Kaggleで行われていたcriteoのDisplay Advertising Challengeが終了し,最終的にPublic LB:0.47880,Private LB:0.47831の354th/718だった.1位のチームが0.44464,Top10あたりが0.44台のスコアを叩き出しているので,結果としては惨敗だけれども,初めてにしては健闘できたほうだと思う.まあ最初の方はLogistic regressionのBenchmarkすら越せなくて厳しい状態だったが,そこから抜けだしてある程度成果が出始めると,あとは計算してはサブミットしてを繰り返しスコアに一喜一憂するという感じで競技性があって非常に楽しめた.次はもっと上の方に行きたいと思いつつ,現在参加しているAfrica Soil Property Prediction Challengeは一時期10位圏内まで行ったもののそこから怒涛のランク落ちで現在300位くらいまで下がってしまったので,世間は厳しい.Kaggle Masterへの道はまだまだ遠い.

予測方法

さて,こんな中途半端な順位のヤツの解法なんて見てもどうしょうもないとは思うけれども,個人的な記録のためにも書いておく.

使用したのはVowpal Wabbit(VW).主に参考にしたのはMLWaveのPredicting CTR with online machine learningで,とりあえず動くコードの例があって,あとはVWのパラメータチューニングで頑張ったという流れ.実はこれ以前にscikit-learn + pandasも試していたのだけれども,あまりにデータ量が多すぎてpandasのget_dummiesでダミー変数作るのが不可能だったりと早々に諦めていた.その点VWは高速で動いてメモリ消費量も少ないので,初心者にとっては使いやすいソフトウェアだった.あとMLWave/kaggle-criteoでデータ形式の変換コードがあったのが助かった.
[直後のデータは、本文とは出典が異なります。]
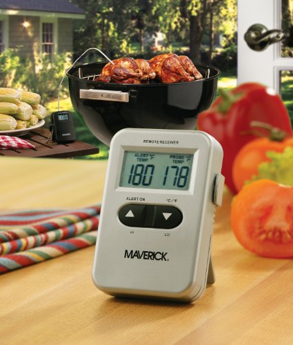 Studio : Maverick Housewares Publisher : Maverick Housewares Binding : Kitchen Product Description The RediChek Remote Cooking Thermometer takes all the guesswork out of knowing when your meats on the grill or in the oven are done and cooked to perfection. This thermometer features a stainless steel probe to take accurate readings in the oven or the grill. Monitor food doneness up to 100-feet away; temperature is displayed on the receiver for convenience. Program the thermometer to the desired temperature, and RediChek will alert you by beeping when the desired temperature has been reached. Requires four AAA batteries (included). 0

さて,最終的なサブミットに使用したのは以下のパラメータ.

  • 損失関数(–loss_function):logistic
  • Feature Hashingのbit数(-b):30
  • L2正則化(–l2): 1e-08
  • データのイテレーション回数(–passes):10

少し前の記事の私的Vowpal Wabbitまとめ - Wolfeyes Bioinformatics betaにも書いたけど,loss_functionはlogisticにしておくと学習が終わったときにだいたいのスコアがわかって便利.あと-bを増やすとfeature hashingでcollisionしなくなるけれども,そのかわり必要なメモリ容量が増える.L2正則化はL1とともに1e-01から1e-12くらいまで試したんだけど,スコアが劇的に変わるわけではなかった.–passesは必須だけど,ある程度のイテレーション回数でスコアに変動がなければ途中で切られるみたいなので,パラメータを変更後に必要回数を確認してからは変えていない.

1
2
$ vw click.train.vw -f click.model.b30.pass10.l2_1e-08.vw --loss_function logistic -c -k -b 30 --passes 10 --l2 0.00000001
$ vw click.test.vw -t -i click.model.b30.pass10.l2_1e-08.vw -p click.preds.b30.pass10.l2_1e-08.vw

感想戦

Kaggleのフォーラムで上位ランクの人が自分の解析方法を公開してくれているので,その中からVWに関するトピックを幾つか拾ってみる.

まずは,15thのLuca MassaronがVWを使った解析例を示してくれている(link).VWのコマンドは非常に参考になるし,自分もNNのHidden Unitsを10とか20でやったんだけどなーと思いつつ,何よりもまずデータの前処理の必要性を感じた.

あとは19thのKonrad BanachewiczはVWのより詳細な結果を示してくれていて(link),こっちではNNが効かないみたいな話があったり,quadratic feature頑張ってたり.

あとはLibFMとかNNとかAutoencoderとか色々な方法で予測している人がいて,非常に参考になる.

今後のCriteo Display Advertising Challengeの動向

Kaggleでのコンペは終わってしまったが,上に書いたようなフォーラムでの議論は続くし,それにコンペ用のデータセットが学術向けに公開された.これでもしかしたら上位ランクのグループの成果が論文として出てくるかもしれない.

あと,Criteoの資料によると”Winners will release code publicly(Popular OSI-approved license)”らしいので,ぜひともコードを公開してほしいところ.

といった感じで,まだまだCriteo Display Advertising Challengeは終わらない.